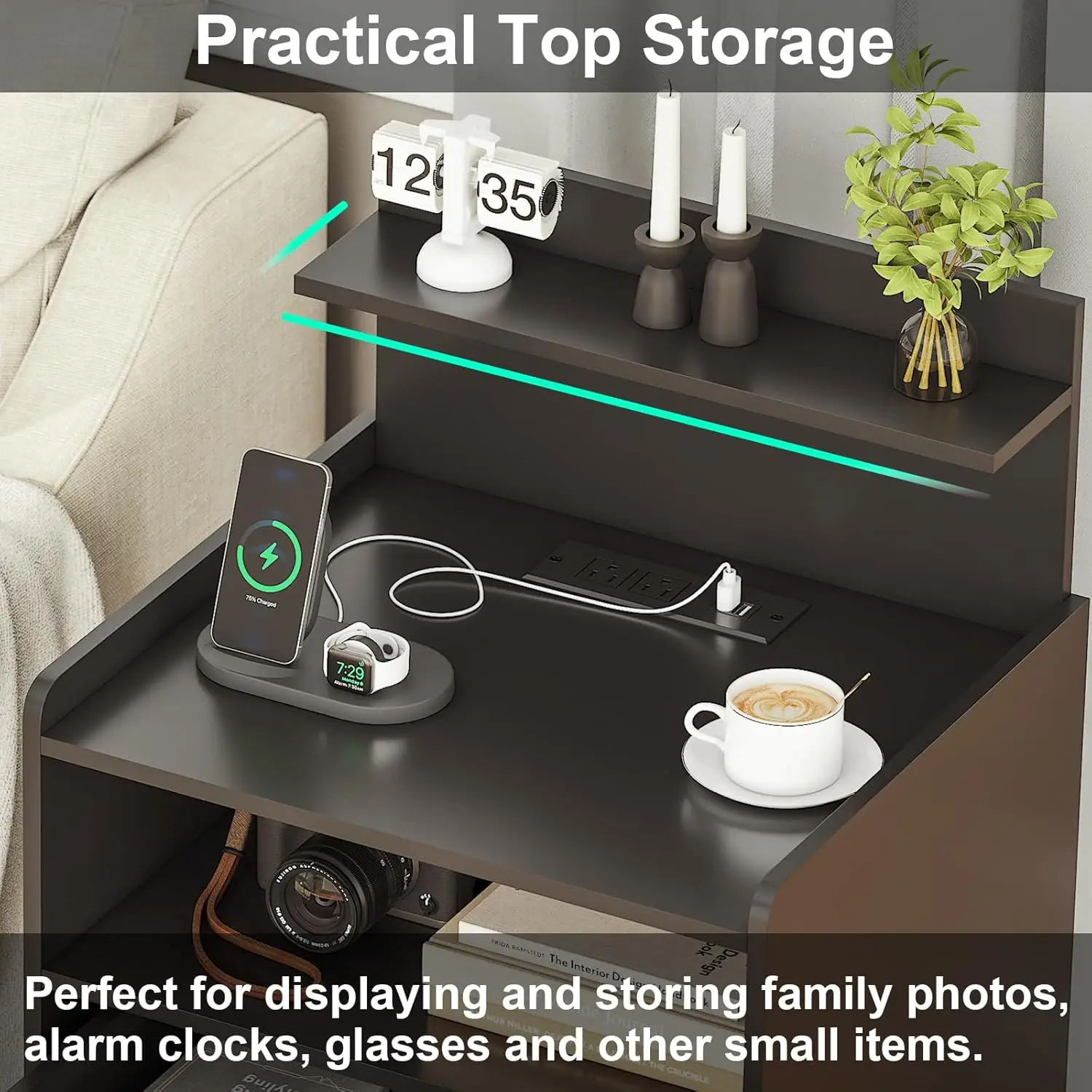 【Multi-Color RGB LED Lighting with Smart APP Control】Transform your bedroom or living room ambiance with this innovative nightstand featuring vibrant RGB LED lights. Control millions of colors, brightness levels, and lighting effects directly from your smartphone via the dedicated mobile app. Choose from various modes including timing functions for automated lighting schedules, dynamic style modes for visual appeal, music sync modes that pulse to your favorite tunes, and microphone-activated modes that respond to ambient sound. Create the perfect atmosphere for relaxation, entertainment, or productivity with customizable light shows at your fingertips. 【Convenient Charging Station for All Your Devices】Stay powered up effortlessly with the integrated charging hub on this nightstand. Equipped with 2 standard AC outlets and 2 high-speed USB ports, you can simultaneously charge multiple devices such as smartphones, tablets, lamps, e-readers, and more. The generous 4.9-foot power cord provides flexibility in placement, allowing you to position the table conveniently near beds or sofas without being limited by outlet locations. Enjoy clutter-free charging and easy access to power whenever you need it. 【Ample Storage Solutions for Organization】Maximize space efficiency with this thoughtfully designed nightstand offering five distinct storage areas. The top shelf is ideal for displaying decorative items like photo frames, plants, or books. The spacious tabletop provides a convenient surface for daily essentials such as alarm clocks, glasses, or beverages. Two enclosed drawers offer secure storage for personal belongings like jewelry, medications, or documents that require privacy. An additional open compartment allows quick access to frequently used items like remote controls or magazines. This vertical design optimizes corner spaces in bedrooms or living rooms while keeping everything tidy and within reach. 【Durable Construction & Easy Maintenance】Built to last with premium materials ensuring stability and longevity: Dimensions: 15.7 inches deep x 17.7 inches wide x 28.7 inches high (40cm D x 45cm W x 73cm H). The sturdy particle board frame provides robust support for both the table itself and items placed on it. Smooth-operating metal drawer slides and handles ensure quiet and reliable opening/closing motions every time you use them! A waterproof surface treatment protects against spills making cleaning simple—just wipe down with a damp cloth when needed! Its sleek black finish complements modern decor styles seamlessly blending into any room setting whether used as a bedside table in bedrooms or an end table beside sofas in living areas! 【Simple Assembly Process & Reliable Support】Get started quickly thanks to clear step-by-step instructions included along all labeled parts/accessories required assembly process straightforward even beginners can complete within minutes using basic tools provided! Should any issues arise during setup usage our customer service team ready assist promptly offering replacement components free charge if necessary ensuring satisfaction throughout ownership experience!
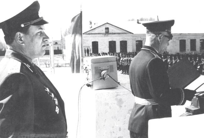 Конечно, новыми были для меня и впечатления о людях, с которыми теперь столкнула судьба. Хорошо запомнился командующий армией, генерал-майор Николай Григорьевич Штыков, человек очередных «разносов» (похоже, только из них его деятельность и состояла), переходил на грубости и унижение человеческого достоинства. Почти всегда, когда подходишь к его кабинету, чувствуешь, что «в воздухе пахнет грозой», и будто опять над тобой дамоклов меч. Но его заместитель, Герой Советского Союза, генерал-майор Баталов Григорий Михайлович, человек совершенно другого плана, внимательный, доброжелательный. Зная характер командующего, он мне как-то сказал: «Если дело терпит, подожди, когда за командующего останусь я или начштаба генерал Марущак, тогда приходи, обсудим, решим». Так иногда я и делал.
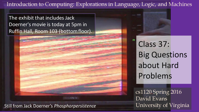 Explorations in Language, Logic, and Machines cs1120 Spring 2016 David Evans University of Virginia Still from Jack Doerner’s Phosphorpersistence The exhibit that includes Jack Doerner's movie is today at 5pm in Ruffin Hall, Room 103 (bottom floor).
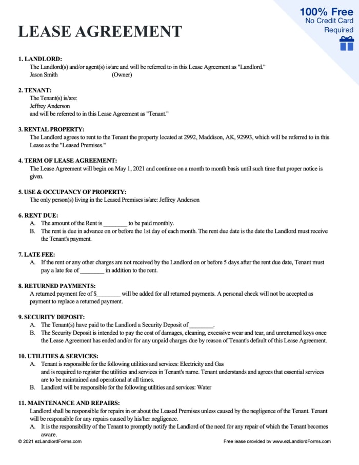 Free Residential Lease Template Download Rental Agreement Sample Pdf
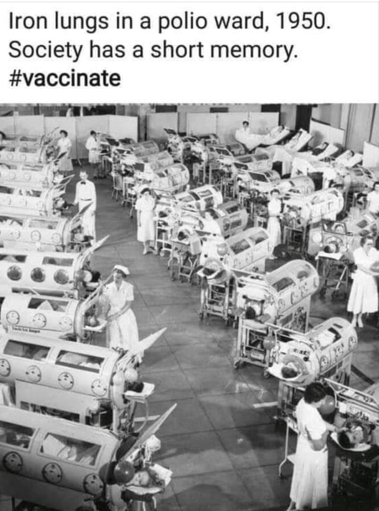 This archival photograph shows an all-too-typical hospital scene in the days beforw a successful polio vaccine was developed.
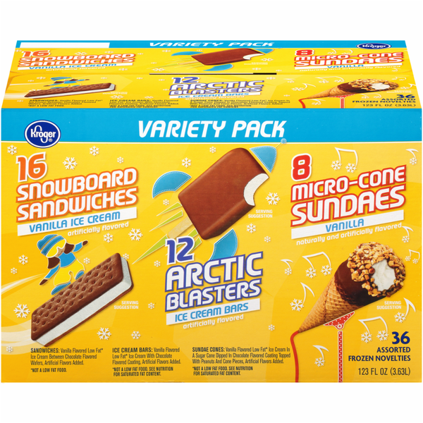 VANILLA SANDWICH: DAIRY PRODUCT SOLIDS, SKIM MILK, SUGAR, BLEACHED WHEAT FLOUR, CORN SYRUP, CREAM, COCONUT OIL, CARAMEL COLOR, MALTODEXTRIN, DEXTROSE, PALM OIL, CORN FLOUR, COCOA, NATURAL FLAVOR, BAKING SODA, MODIFIED CORNSTARCH, SALT, PROPYLENE GLYCOL MONOSTEARATE, MONO AND DIGLYCERIDES, SOY LECITHIN, CELLULOSE GEL, GUAR GUM, MONOGLYCERIDES, CAROB BEAN GUM, CELLULOSE GUM, ANNATTO COLOR. VANILLA WITH CHOCOLATEY SWIRLS CONE: DAIRY PRODUCT SOLIDS, SKIM MILK, SUGAR, CORN SYRUP, CREAM, COCONUT OIL, BLEACHED WHEAT FLOUR, PEANUTS, MALTODEXTRIN, PALM OIL, COCOA, PALM OLEIN, REDUCED MINERALS WHEY, PROPYLENE GLYCOL MONOSTEARATE, SOYBEAN OIL, SOY LECITHIN, SALT, CELLULOSE GEL, GUAR GUM, MONOGLYCERIDES, CAROB BEAN GUM, NATURAL FLAVOR, CELLULOSE GUM, MILK, CHOCOLATE, ANNATTO COLOR. CHOCOLATE WITH CHOCOLATEY SWIRLS CONE: DAIRY PRODUCT SOLIDS, SKIM MILK, SUGAR, CORN SYRUP, CREAM, COCONUT OIL, BLEACHED WHEAT FLOUR, COCOA PROCESSED WITH ALKALI, PEANUTS, MALTODEXTRIN, PALM OIL, COCOA, PALM OLEIN, REDUCED MINERALS WHEY, PROPYLENE GLYCOL MONOSTEARATE, SOYBEAN OIL, SOY LECITHIN, SALT, CELLULOSE GEL, GUAR GUM, MONOGLYCERIDES, CAROB BEAN GUM, NATURAL FLAVOR, CELLULOSE GUM, MILK, CHOCOLATE. COOKIE DIPPED BAR: DAIRY PRODUCT SOLIDS, SKIM MILK, SUGAR, COCONUT OIL, CORN SYRUP, PALM OIL, CREAM, COCOA, MALTODEXTRIN, REDUCED MINERALS WHEY, WHEAT FLOUR, PROPYLENE GLYCOL MONOSTEARATE, COCOA PROCESSED WITH ALKALI, CELLULOSE GEL, GUAR GUM, CHOCOLATE, MONOGLYCERIDES, MILK CAROB BEAN GUM, CARAMEL COLOR, SALT, CORNSTARCH, SOY LECITHIN, BAKING SODA, AMMONIUM BICARBONATE, CELLULOSE GUM, NATURAL FLAVOR.
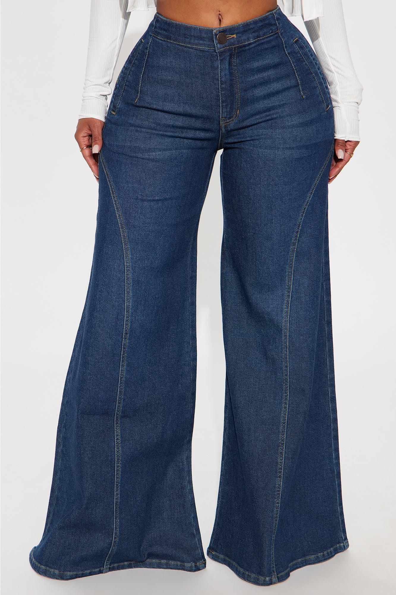 Available In Dark Wash. Super Wide Leg Jean Medium Stretch Faux Front Pockets Seaming 10" Mid Rise 33" Inseam Disclaimer Due To The Specialized Wash & Process, Each Garment Is Unique. 60% Cotton 39% Polyester 1% Spandex Imported
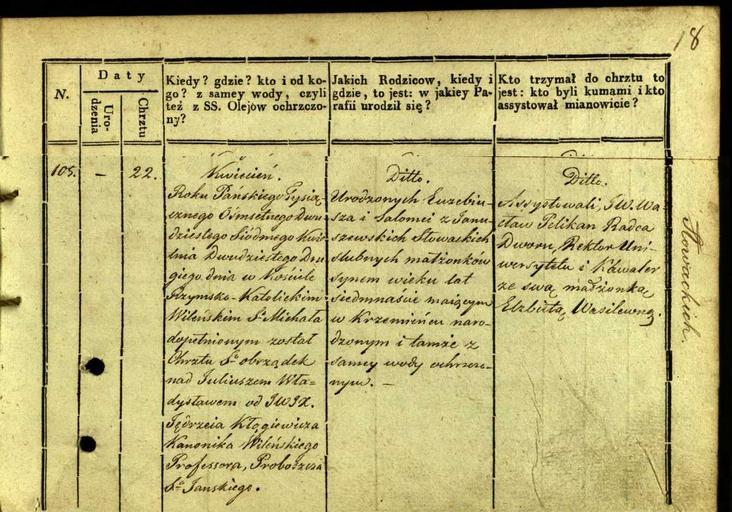 Keywords: Juliusz Słowacki birth certificate.jpg en Juliusz Słowacki birth certificate pl Akt chrztu Juliusza Słowackiego W Wilnie jedynie dopełniono obrządek chrztu Juliusza urodzonego w Krzemieńcu z Euzebiusza i Salomei z Januszewskich Na stronie internetowej litewskiego archiwum odnalazła pani Monika Janczewska parafia św Jana w Wilnie akt chrztu nr 105/1827 http //www epaveldas lt/vbspi//content/biImage jsp biRecordId 3908 imageId 2Fvbspi 2FshowImage do 3Fid 3DPG_S_30554_37 parafia św Jana w Wilnie 1827 PD-old Juliusz Słowacki Birth certificates of Poland
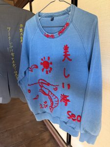 島民の皆さんから古着を集めて、自由に絵や言葉を刺繍してもらいました。
# # #
EXERCISE DESCRIPTION: Repeat the records in full, exactly as they appear, but with the pictures removed.

YOUR RESPONSE:
 【Multi-Color RGB LED Lighting with Smart APP Control】Transform your bedroom or living room ambiance with this innovative nightstand featuring vibrant RGB LED lights. Control millions of colors, brightness levels, and lighting effects directly from your smartphone via the dedicated mobile app. Choose from various modes including timing functions for automated lighting schedules, dynamic style modes for visual appeal, music sync modes that pulse to your favorite tunes, and microphone-activated modes that respond to ambient sound. Create the perfect atmosphere for relaxation, entertainment, or productivity with customizable light shows at your fingertips. 【Convenient Charging Station for All Your Devices】Stay powered up effortlessly with the integrated charging hub on this nightstand. Equipped with 2 standard AC outlets and 2 high-speed USB ports, you can simultaneously charge multiple devices such as smartphones, tablets, lamps, e-readers, and more. The generous 4.9-foot power cord provides flexibility in placement, allowing you to position the table conveniently near beds or sofas without being limited by outlet locations. Enjoy clutter-free charging and easy access to power whenever you need it. 【Ample Storage Solutions for Organization】Maximize space efficiency with this thoughtfully designed nightstand offering five distinct storage areas. The top shelf is ideal for displaying decorative items like photo frames, plants, or books. The spacious tabletop provides a convenient surface for daily essentials such as alarm clocks, glasses, or beverages. Two enclosed drawers offer secure storage for personal belongings like jewelry, medications, or documents that require privacy. An additional open compartment allows quick access to frequently used items like remote controls or magazines. This vertical design optimizes corner spaces in bedrooms or living rooms while keeping everything tidy and within reach. 【Durable Construction & Easy Maintenance】Built to last with premium materials ensuring stability and longevity: Dimensions: 15.7 inches deep x 17.7 inches wide x 28.7 inches high (40cm D x 45cm W x 73cm H). The sturdy particle board frame provides robust support for both the table itself and items placed on it. Smooth-operating metal drawer slides and handles ensure quiet and reliable opening/closing motions every time you use them! A waterproof surface treatment protects against spills making cleaning simple—just wipe down with a damp cloth when needed! Its sleek black finish complements modern decor styles seamlessly blending into any room setting whether used as a bedside table in bedrooms or an end table beside sofas in living areas! 【Simple Assembly Process & Reliable Support】Get started quickly thanks to clear step-by-step instructions included along all labeled parts/accessories required assembly process straightforward even beginners can complete within minutes using basic tools provided! Should any issues arise during setup usage our customer service team ready assist promptly offering replacement components free charge if necessary ensuring satisfaction throughout ownership experience!
 Конечно, новыми были для меня и впечатления о людях, с которыми теперь столкнула судьба. Хорошо запомнился командующий армией, генерал-майор Николай Григорьевич Штыков, человек очередных «разносов» (похоже, только из них его деятельность и состояла), переходил на грубости и унижение человеческого достоинства. Почти всегда, когда подходишь к его кабинету, чувствуешь, что «в воздухе пахнет грозой», и будто опять над тобой дамоклов меч. Но его заместитель, Герой Советского Союза, генерал-майор Баталов Григорий Михайлович, человек совершенно другого плана, внимательный, доброжелательный. Зная характер командующего, он мне как-то сказал: «Если дело терпит, подожди, когда за командующего останусь я или начштаба генерал Марущак, тогда приходи, обсудим, решим». Так иногда я и делал.
 Explorations in Language, Logic, and Machines cs1120 Spring 2016 David Evans University of Virginia Still from Jack Doerner’s Phosphorpersistence The exhibit that includes Jack Doerner's movie is today at 5pm in Ruffin Hall, Room 103 (bottom floor).
 Free Residential Lease Template Download Rental Agreement Sample Pdf
 This archival photograph shows an all-too-typical hospital scene in the days beforw a successful polio vaccine was developed.
 VANILLA SANDWICH: DAIRY PRODUCT SOLIDS, SKIM MILK, SUGAR, BLEACHED WHEAT FLOUR, CORN SYRUP, CREAM, COCONUT OIL, CARAMEL COLOR, MALTODEXTRIN, DEXTROSE, PALM OIL, CORN FLOUR, COCOA, NATURAL FLAVOR, BAKING SODA, MODIFIED CORNSTARCH, SALT, PROPYLENE GLYCOL MONOSTEARATE, MONO AND DIGLYCERIDES, SOY LECITHIN, CELLULOSE GEL, GUAR GUM, MONOGLYCERIDES, CAROB BEAN GUM, CELLULOSE GUM, ANNATTO COLOR. VANILLA WITH CHOCOLATEY SWIRLS CONE: DAIRY PRODUCT SOLIDS, SKIM MILK, SUGAR, CORN SYRUP, CREAM, COCONUT OIL, BLEACHED WHEAT FLOUR, PEANUTS, MALTODEXTRIN, PALM OIL, COCOA, PALM OLEIN, REDUCED MINERALS WHEY, PROPYLENE GLYCOL MONOSTEARATE, SOYBEAN OIL, SOY LECITHIN, SALT, CELLULOSE GEL, GUAR GUM, MONOGLYCERIDES, CAROB BEAN GUM, NATURAL FLAVOR, CELLULOSE GUM, MILK, CHOCOLATE, ANNATTO COLOR. CHOCOLATE WITH CHOCOLATEY SWIRLS CONE: DAIRY PRODUCT SOLIDS, SKIM MILK, SUGAR, CORN SYRUP, CREAM, COCONUT OIL, BLEACHED WHEAT FLOUR, COCOA PROCESSED WITH ALKALI, PEANUTS, MALTODEXTRIN, PALM OIL, COCOA, PALM OLEIN, REDUCED MINERALS WHEY, PROPYLENE GLYCOL MONOSTEARATE, SOYBEAN OIL, SOY LECITHIN, SALT, CELLULOSE GEL, GUAR GUM, MONOGLYCERIDES, CAROB BEAN GUM, NATURAL FLAVOR, CELLULOSE GUM, MILK, CHOCOLATE. COOKIE DIPPED BAR: DAIRY PRODUCT SOLIDS, SKIM MILK, SUGAR, COCONUT OIL, CORN SYRUP, PALM OIL, CREAM, COCOA, MALTODEXTRIN, REDUCED MINERALS WHEY, WHEAT FLOUR, PROPYLENE GLYCOL MONOSTEARATE, COCOA PROCESSED WITH ALKALI, CELLULOSE GEL, GUAR GUM, CHOCOLATE, MONOGLYCERIDES, MILK CAROB BEAN GUM, CARAMEL COLOR, SALT, CORNSTARCH, SOY LECITHIN, BAKING SODA, AMMONIUM BICARBONATE, CELLULOSE GUM, NATURAL FLAVOR.
 Available In Dark Wash. Super Wide Leg Jean Medium Stretch Faux Front Pockets Seaming 10" Mid Rise 33" Inseam Disclaimer Due To The Specialized Wash & Process, Each Garment Is Unique. 60% Cotton 39% Polyester 1% Spandex Imported
 Keywords: Juliusz Słowacki birth certificate.jpg en Juliusz Słowacki birth certificate pl Akt chrztu Juliusza Słowackiego W Wilnie jedynie dopełniono obrządek chrztu Juliusza urodzonego w Krzemieńcu z Euzebiusza i Salomei z Januszewskich Na stronie internetowej litewskiego archiwum odnalazła pani Monika Janczewska parafia św Jana w Wilnie akt chrztu nr 105/1827 http //www epaveldas lt/vbspi//content/biImage jsp biRecordId 3908 imageId 2Fvbspi 2FshowImage do 3Fid 3DPG_S_30554_37 parafia św Jana w Wilnie 1827 PD-old Juliusz Słowacki Birth certificates of Poland
 島民の皆さんから古着を集めて、自由に絵や言葉を刺繍してもらいました。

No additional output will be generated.